### Work to complete
With pictures left out, output exactly the lines of the listing below from the line that has "SALE Button Pink" to the line that has "Кожаный чехол с", both lines kept.
*** Available data
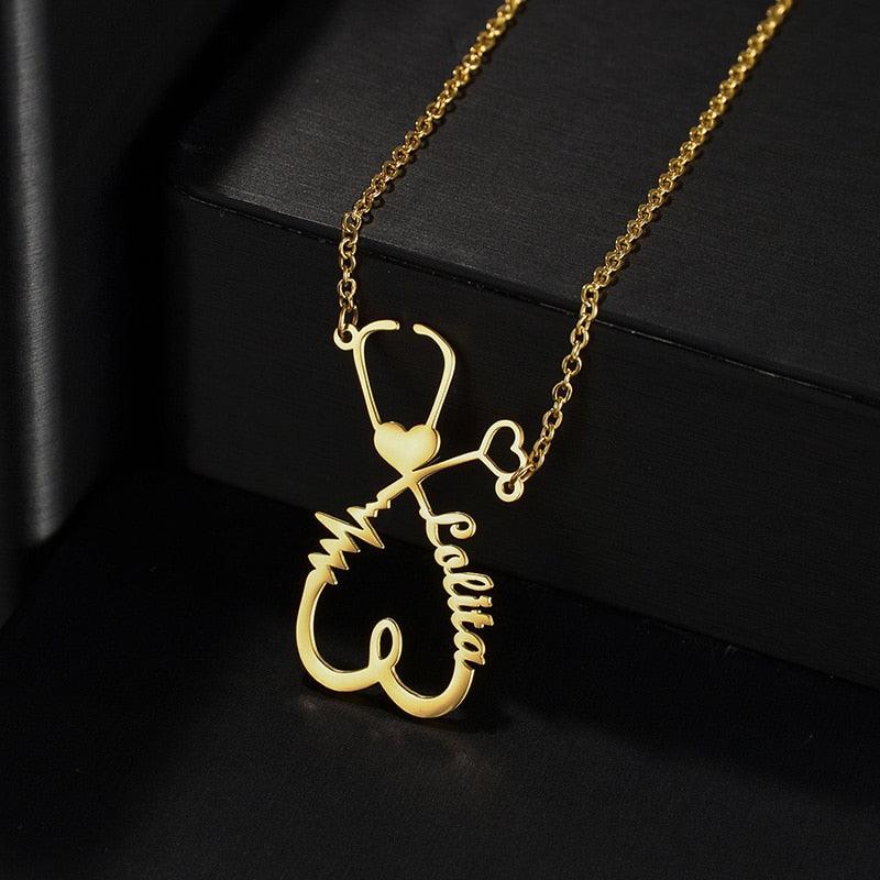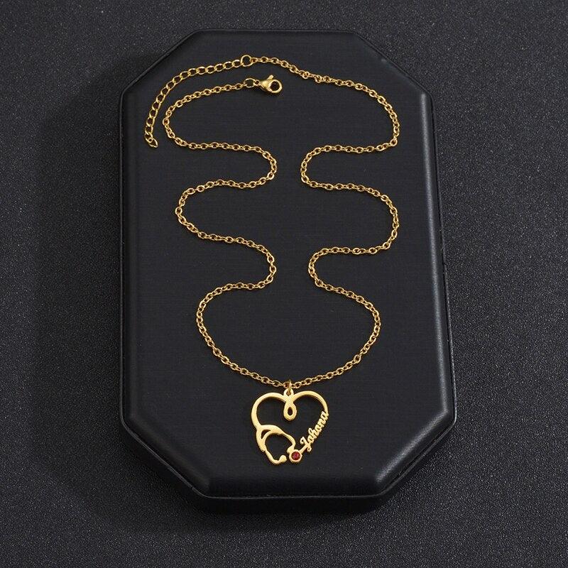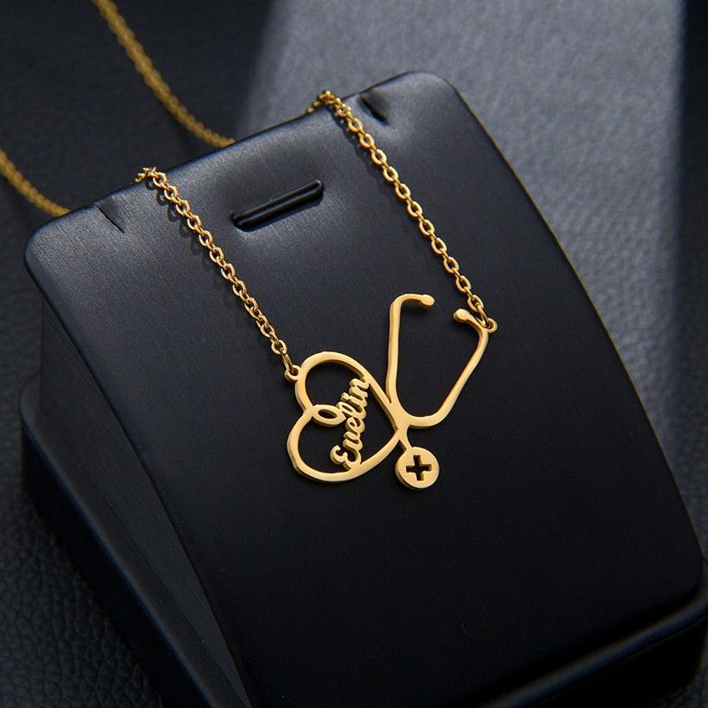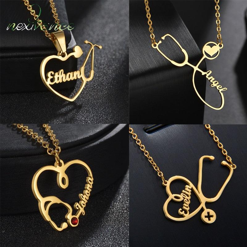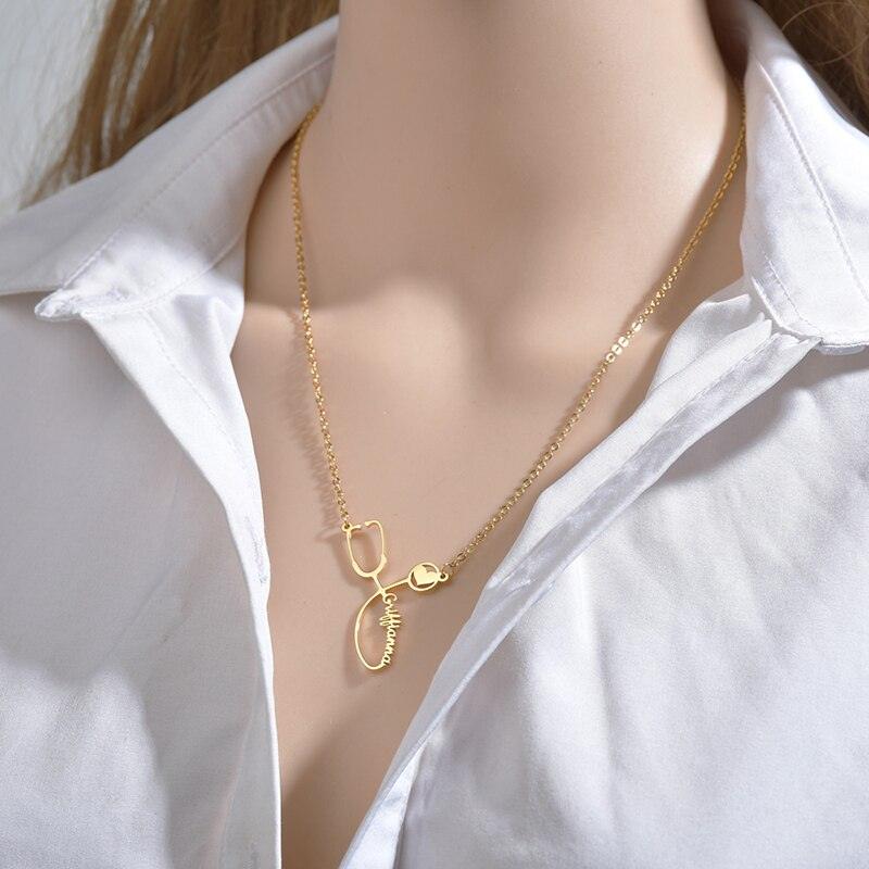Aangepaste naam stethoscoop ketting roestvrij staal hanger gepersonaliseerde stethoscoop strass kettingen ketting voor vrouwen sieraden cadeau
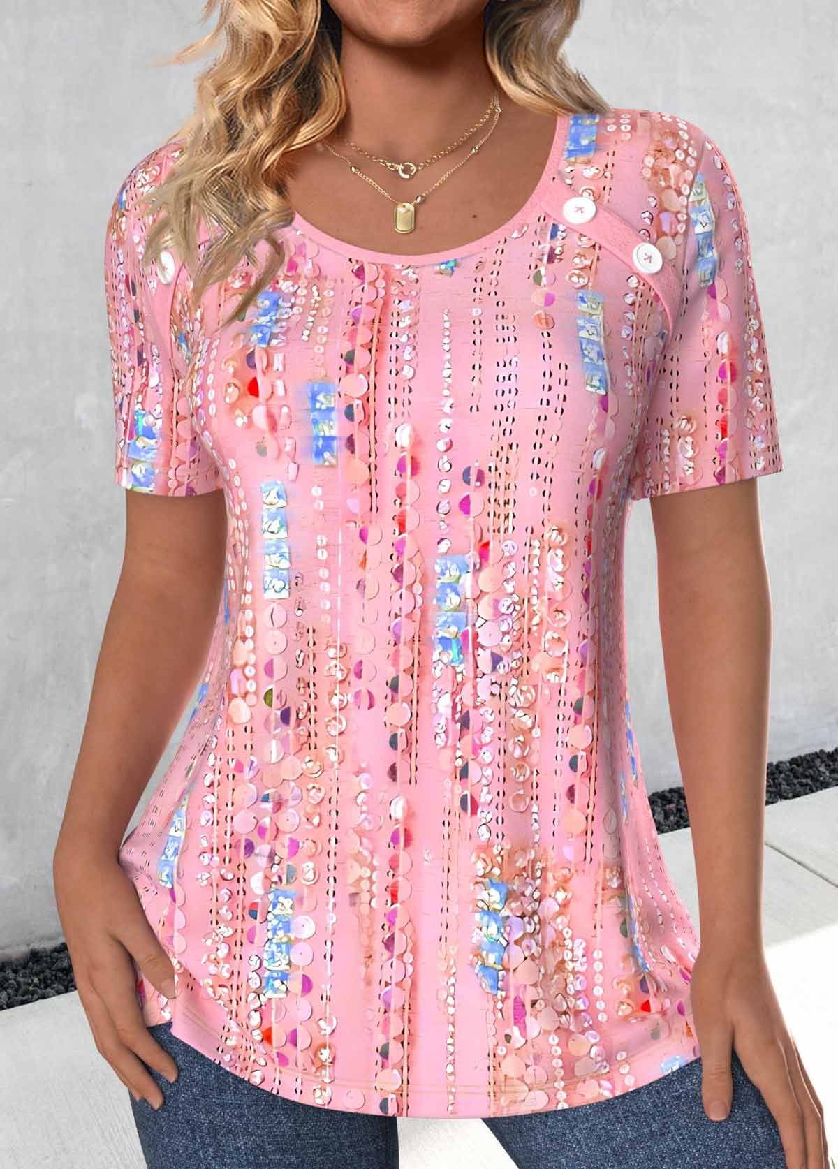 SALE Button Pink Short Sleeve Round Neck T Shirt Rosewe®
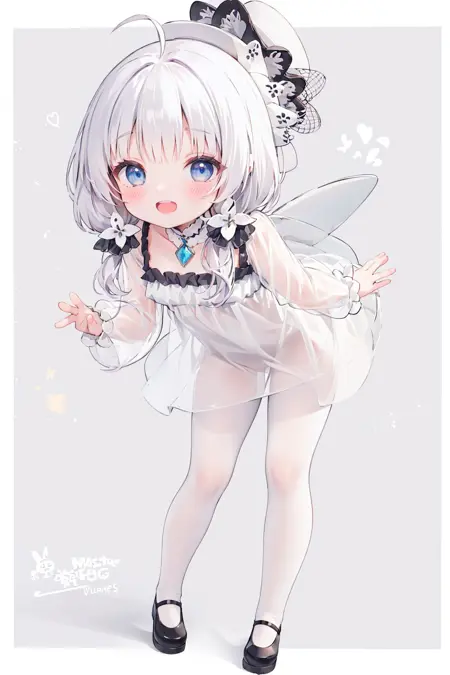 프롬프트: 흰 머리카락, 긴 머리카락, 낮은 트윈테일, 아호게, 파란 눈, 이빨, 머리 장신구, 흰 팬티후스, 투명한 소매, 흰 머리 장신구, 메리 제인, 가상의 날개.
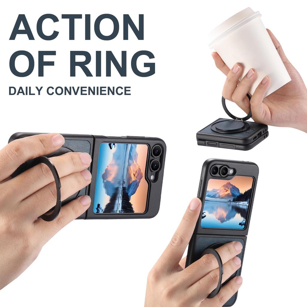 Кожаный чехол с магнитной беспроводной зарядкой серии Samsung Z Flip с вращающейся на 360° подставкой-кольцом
******
*** Available data
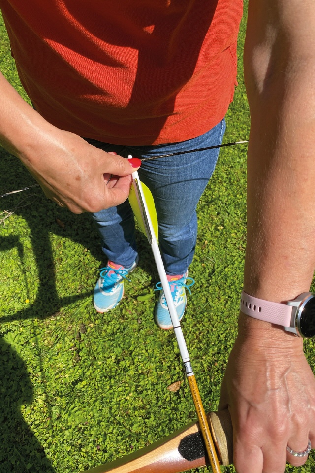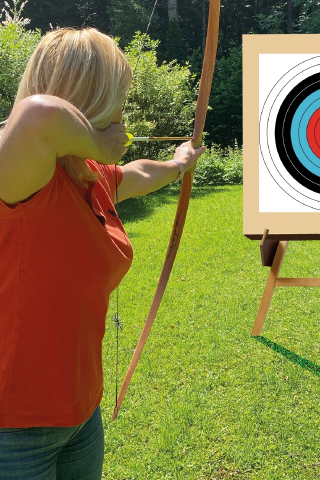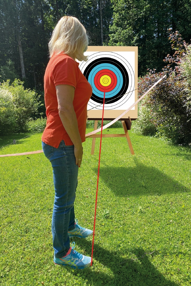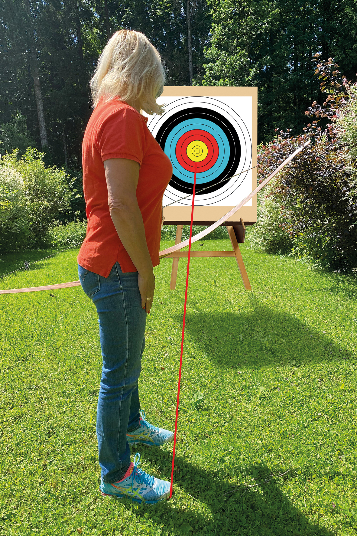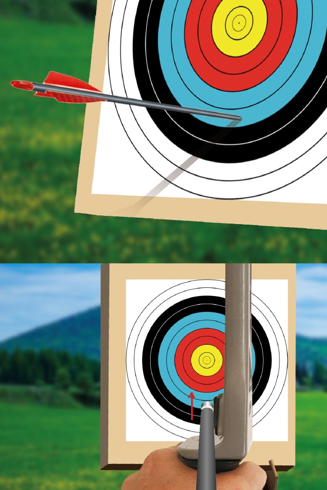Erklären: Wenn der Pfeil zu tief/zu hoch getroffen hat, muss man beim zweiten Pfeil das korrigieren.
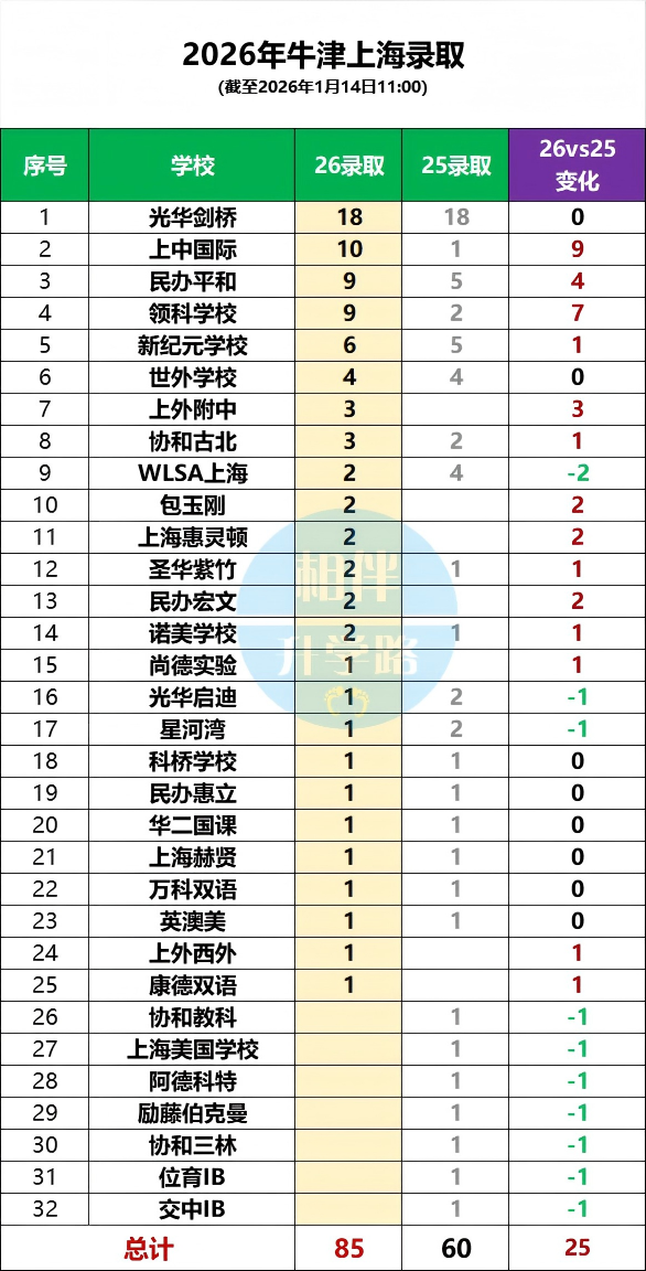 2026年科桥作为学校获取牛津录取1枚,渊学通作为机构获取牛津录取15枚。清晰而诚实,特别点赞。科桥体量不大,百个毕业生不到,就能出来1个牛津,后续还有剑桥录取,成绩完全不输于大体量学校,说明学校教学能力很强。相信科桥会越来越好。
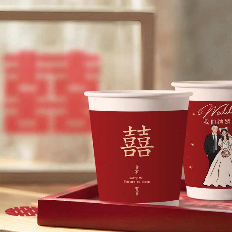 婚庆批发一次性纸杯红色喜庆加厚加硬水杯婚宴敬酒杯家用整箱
******
### Reply to the exercise
 SALE Button Pink Short Sleeve Round Neck T Shirt Rosewe®
 프롬프트: 흰 머리카락, 긴 머리카락, 낮은 트윈테일, 아호게, 파란 눈, 이빨, 머리 장신구, 흰 팬티후스, 투명한 소매, 흰 머리 장신구, 메리 제인, 가상의 날개.
 Кожаный чехол с магнитной беспроводной зарядкой серии Samsung Z Flip с вращающейся на 360° подставкой-кольцом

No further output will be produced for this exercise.